Lots of plot holes, I agree.

Love it still, I did.


----------



## Road Guy (Dec 18, 2017)

I also don't remember "fuel" being an issue in any other star wars movie?

No decent space battles (agree that the star destroyers were just sort of "there"), no real lightsaber duel in the entire movie - other than Ren / Rey dicing up the guards..

I had to put in Empire Strikes Back Sunday just to cleanse my brain of what Star Wars is supposed to be..

I did enjoy the discussion where the general is trying to talk kylo out of going down to battle luke, kylo throws him against the wall of the ship and the pilot immediately replies, "right away sir"


----------



## knight1fox3 (Dec 18, 2017)

Those "dreadnaught" ships were cool looking.

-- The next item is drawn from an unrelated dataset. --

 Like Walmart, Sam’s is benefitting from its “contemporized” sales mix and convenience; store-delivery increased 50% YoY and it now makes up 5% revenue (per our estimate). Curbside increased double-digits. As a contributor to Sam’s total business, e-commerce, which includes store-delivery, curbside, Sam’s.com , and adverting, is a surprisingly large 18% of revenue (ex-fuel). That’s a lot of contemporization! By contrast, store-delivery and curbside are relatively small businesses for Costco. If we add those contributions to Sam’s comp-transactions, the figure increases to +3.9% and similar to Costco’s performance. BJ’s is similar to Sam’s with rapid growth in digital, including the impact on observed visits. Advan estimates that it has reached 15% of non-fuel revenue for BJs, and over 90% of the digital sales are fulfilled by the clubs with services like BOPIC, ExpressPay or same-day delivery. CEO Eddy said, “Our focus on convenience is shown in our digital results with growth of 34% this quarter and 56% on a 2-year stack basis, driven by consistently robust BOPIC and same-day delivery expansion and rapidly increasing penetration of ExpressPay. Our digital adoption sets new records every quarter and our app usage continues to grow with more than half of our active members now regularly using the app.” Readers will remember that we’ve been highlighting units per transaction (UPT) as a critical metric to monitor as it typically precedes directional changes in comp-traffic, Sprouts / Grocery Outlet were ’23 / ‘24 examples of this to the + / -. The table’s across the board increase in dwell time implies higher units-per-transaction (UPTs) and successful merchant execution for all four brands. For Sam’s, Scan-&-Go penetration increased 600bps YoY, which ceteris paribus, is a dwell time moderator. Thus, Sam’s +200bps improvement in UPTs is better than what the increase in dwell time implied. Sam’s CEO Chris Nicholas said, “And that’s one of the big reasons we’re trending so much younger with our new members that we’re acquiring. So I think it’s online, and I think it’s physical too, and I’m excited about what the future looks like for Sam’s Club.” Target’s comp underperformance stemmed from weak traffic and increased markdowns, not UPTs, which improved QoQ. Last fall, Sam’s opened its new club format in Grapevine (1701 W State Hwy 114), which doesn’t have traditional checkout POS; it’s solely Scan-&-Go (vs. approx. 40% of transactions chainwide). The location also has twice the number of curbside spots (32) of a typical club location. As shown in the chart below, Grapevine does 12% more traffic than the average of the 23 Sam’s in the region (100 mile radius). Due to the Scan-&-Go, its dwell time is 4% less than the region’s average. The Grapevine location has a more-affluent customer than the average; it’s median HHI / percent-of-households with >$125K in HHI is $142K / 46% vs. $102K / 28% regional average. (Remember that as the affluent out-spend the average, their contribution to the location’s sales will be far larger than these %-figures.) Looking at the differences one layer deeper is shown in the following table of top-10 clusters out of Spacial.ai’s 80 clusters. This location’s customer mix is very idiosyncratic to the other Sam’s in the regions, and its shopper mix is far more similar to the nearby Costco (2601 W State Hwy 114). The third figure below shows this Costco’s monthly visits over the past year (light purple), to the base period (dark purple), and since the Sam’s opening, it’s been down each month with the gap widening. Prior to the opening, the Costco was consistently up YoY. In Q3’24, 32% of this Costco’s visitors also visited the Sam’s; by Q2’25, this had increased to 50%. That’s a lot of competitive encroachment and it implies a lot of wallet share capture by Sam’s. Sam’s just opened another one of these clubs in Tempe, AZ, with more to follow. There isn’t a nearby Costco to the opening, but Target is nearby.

Kind of like the successor to a Super Star Destroyer. I also don't recall fuel ever being issue. It was usually more power and/or system problems where they had to find some place to land for repairs. The whole chase scene was like watching paint dry.

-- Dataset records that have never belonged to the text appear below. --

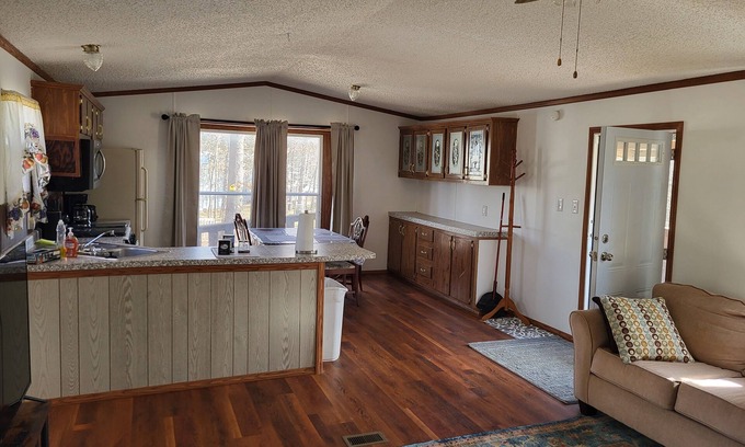 This completely remodeled 960 Sq ft manufactured home sleeps 6. There are 2 bedrooms, one with a queen bed and one with a full bed, plus a queen size blow up air mattress for the living room with bedding for all 3 beds. Two full bathrooms with towels provided for each. This marvelous home features a new washing machine and dryer with laundry pods provided, AC and heating, dishwasher, microwave, gas stove, refrigerator, coffee maker and toaster for your use. Some spices and condiments provided, as well as, coffee. Dishes, glasses, pots and pans and utensils are all provided. There is a covered front deck, with table and 4 chairs, and a gas grill with grilling utensils available for evenings outside. There is also a fire pit at the back of the house with plenty of firewood available for you to enjoy nature in a peaceful setting.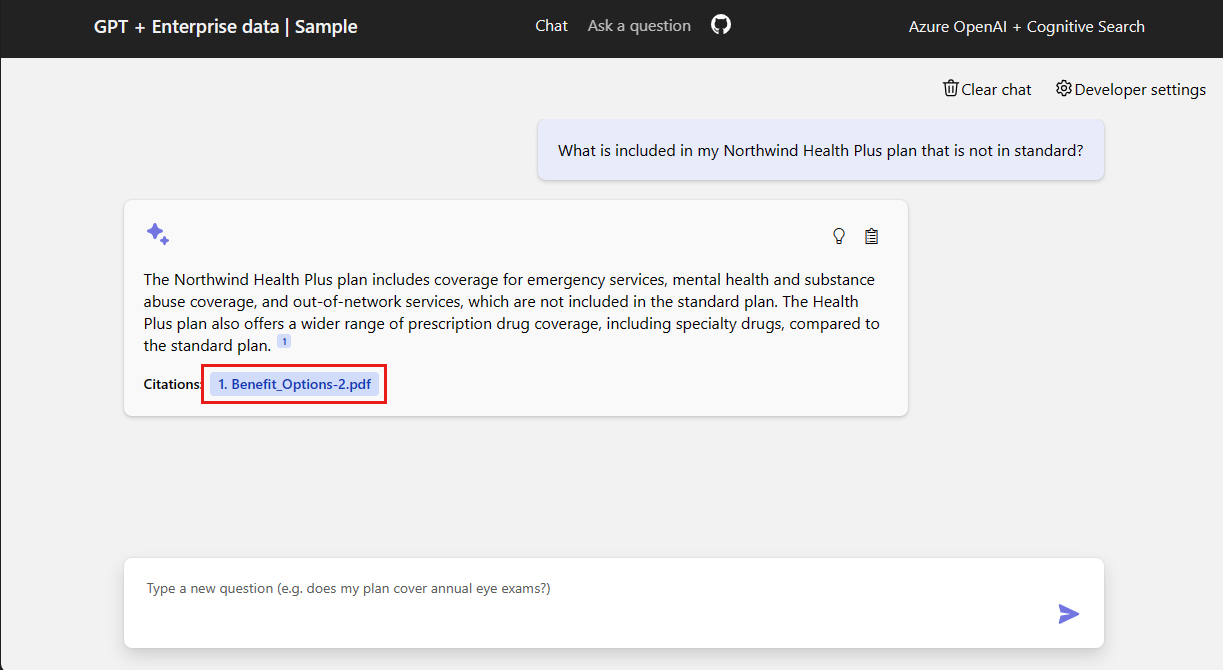 En el navegador, seleccione o introduzca ¿Qué incluye mi plan Northwind Health Plus que no esté en el estándar? en el cuadro de texto del chat.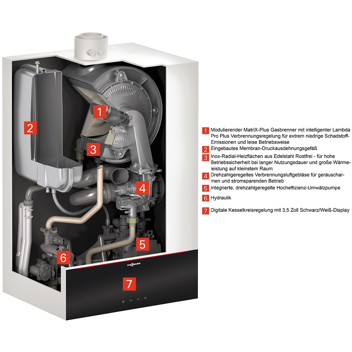 - 1 x Viessmann Vitodens 200-W Gas-Brennwerttherme B2HH 2,5-19kW
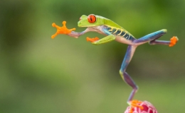Loài ếch xanh mắt đỏ ở Trung Mỹ có màu sắc sặc sỡ giúp ngụy trang giữa các loại cây cỏ, đặc biệt chúng còn có khả năng nhảy cao đáng kinh ngạc trong...

While we're talking about the few good/funny parts, I liked what Luke did with saber when Rey gave it back to him. "F this thing...throws it over his shoulder". LOL

And since RG brought up Empire, I've been wanting to know just how that lightsaber even came to be in Maz's possession from The Force Awakens. The last time any of us saw that weapon, it was getting lobbed off along with Luke's hand and landed in some random exhaust port in Cloud City. How F did anyone even find it (assuming it even landed)?! :huh:


----------



## knight1fox3 (Dec 19, 2017)




----------



## Dleg (Dec 19, 2017)

People are getting so worked up about this. I am happy that I am able to let go and just enjoy Star Wars movies. This was a very enjoyable movie.

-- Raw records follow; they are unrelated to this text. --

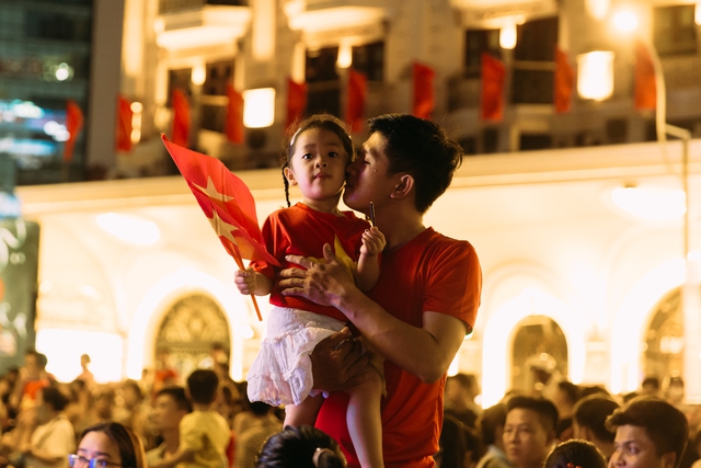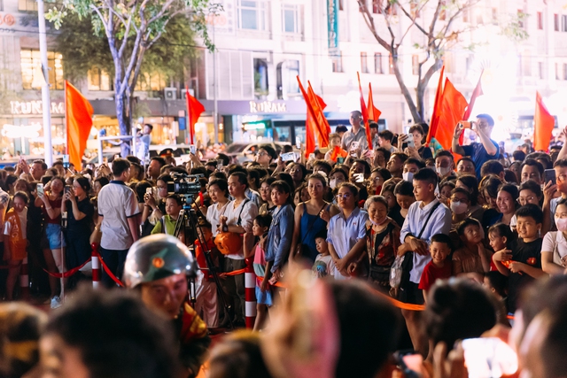 Để đảm bảo an toàn và tạo điều kiện cho người dân theo dõi, lực lượng chức năng đã phân luồng giao thông trên đường Tôn Đức Thắng từ sớm. Nhiều người đã tranh thủ ghi lại khoảnh khắc đáng nhớ.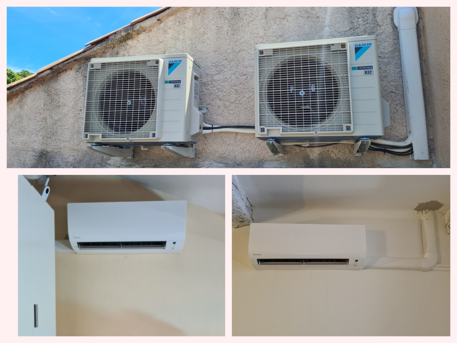 L’installation réalisée par ICP Rénov a consisté à poser deux unités monosplit Daikin. Un premier climatiseur de 3,5 kW a été installé dans le salon d’une superficie de 35 m² avec cuisine ouverte, offrant ainsi une solution efficace pour refroidir ou chauffer cet espace. Un second appareil de 2,5 kW a été posé dans la chambre à l’étage, qui fait 25 m², pour garantir un confort optimal tout au long de l’année.
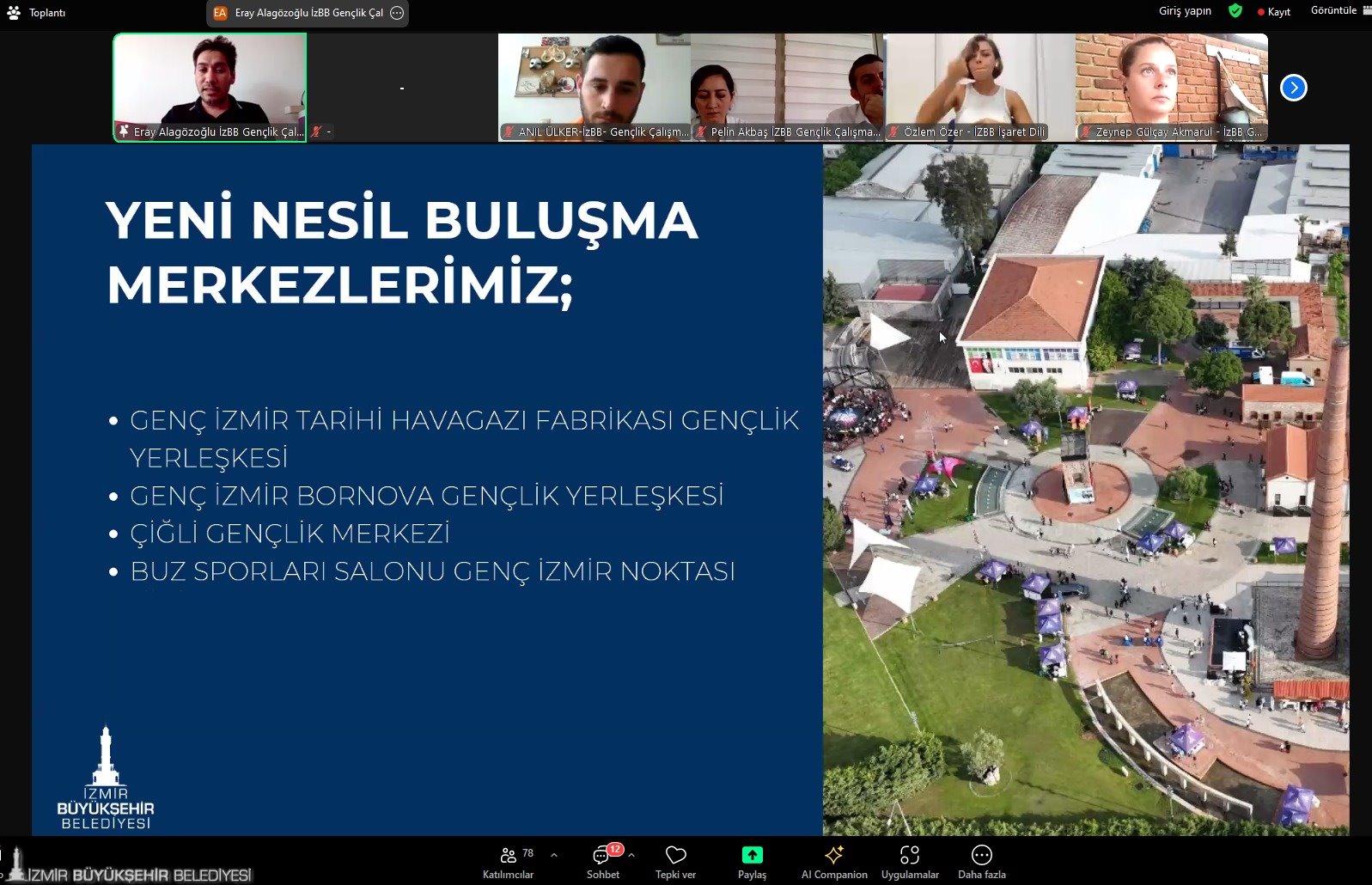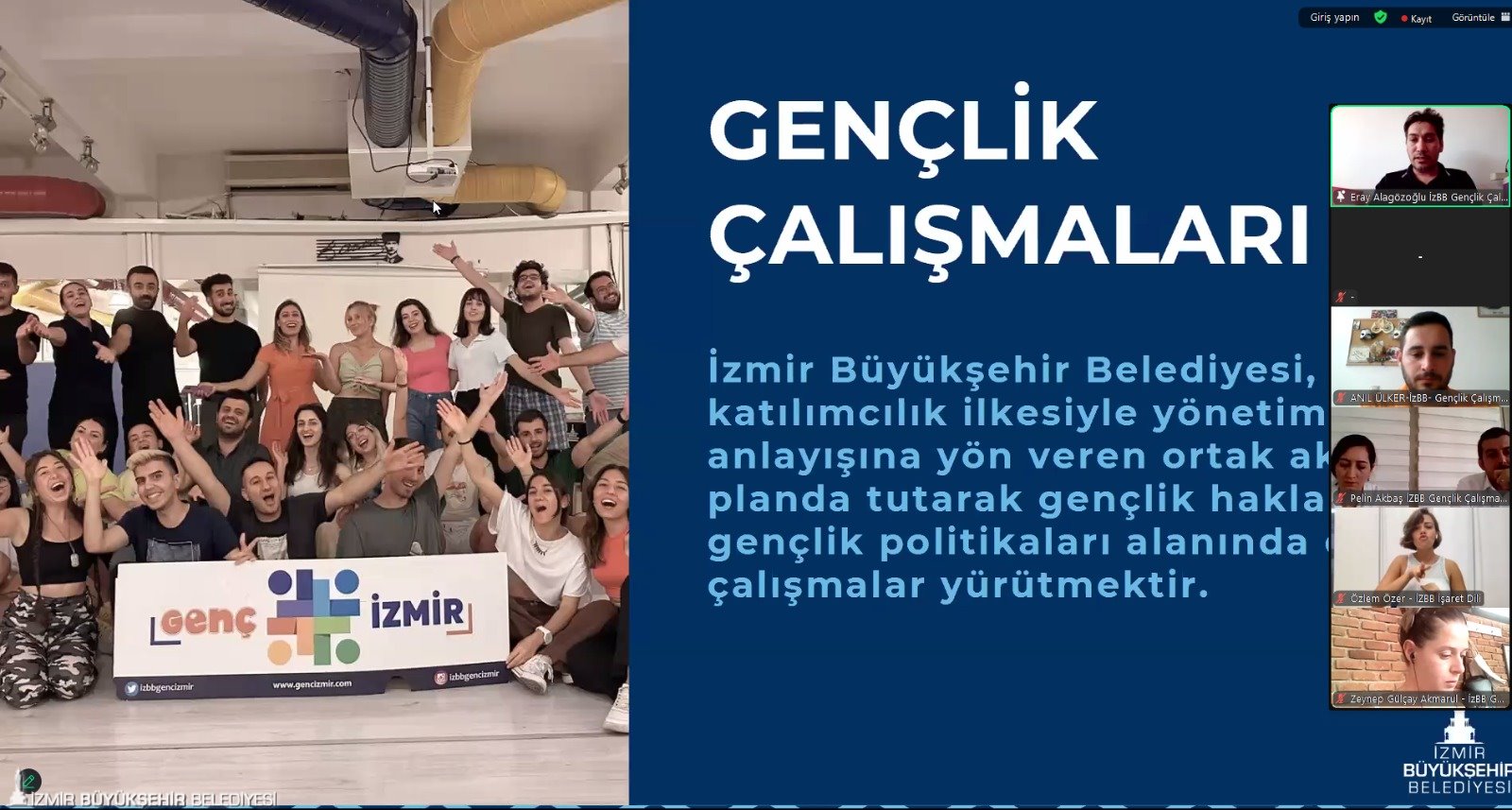 İzmir Büyükşehir Belediyesi “Genç Perspektifiyle İzmir” çalıştayı düzenledi. Gençlik ve Spor Hizmetleri Dairesi Başkanlığı’nın organize ettiği e-çalıştayda Büyükşehir Belediyesi’nin 2025-2029 yıllarını kapsayan yeni Stratejik Planı’nın hazırlık sürecinde etkileşim içinde olunan paydaşların görüşleri alındı. Katılımcılığı temel alan İzmir Büyükşehir Belediyesi, ihtiyaçlar ve taleplerle hizmet yol haritasını şekillendirmeyi hedefliyor.

Even as a kid, I thought there was stuff in Return of the Jedi that sucked.  Sucked bad. But I still enjoyed it. I think this movie was better than ROTJ.


----------



## MetsFan (Dec 19, 2017)

> On 12/17/2017 at 3:31 PM, Dexman PE PMP said:
> Luke was clear-cut to me. He essentially did the same thing Yoda and Obi Wan did when they died. He accepted it as his time to go, let himself go to the force, and disappeared. Only a Jedi who is killed leaves a body (Vader, Qui Gon, Mace Windu, the Jedi temple, etc). Yes, that means I think Obi Wan died before Vader hit him.
> 
> I'm curious to see what they do with Leia. I saw several opportunities for the movie to "write her out" with a clean end, but have no idea what they do with her character moving forward. I read that the 9th (and final) movie was supposed to be centered around her. They have permission to use previously shot footage in the next movie, but it sounds like they won't include her at all.
> ...


Qui Gon actually did come back, but not a force ghost.  He appeared to Obi Wan in the Clone Wars series.  I think Yoda talked about this at the end of RotS.  So he passed on the training to Yoda and Obi Wan.  Vader I guess figured it out on his own?  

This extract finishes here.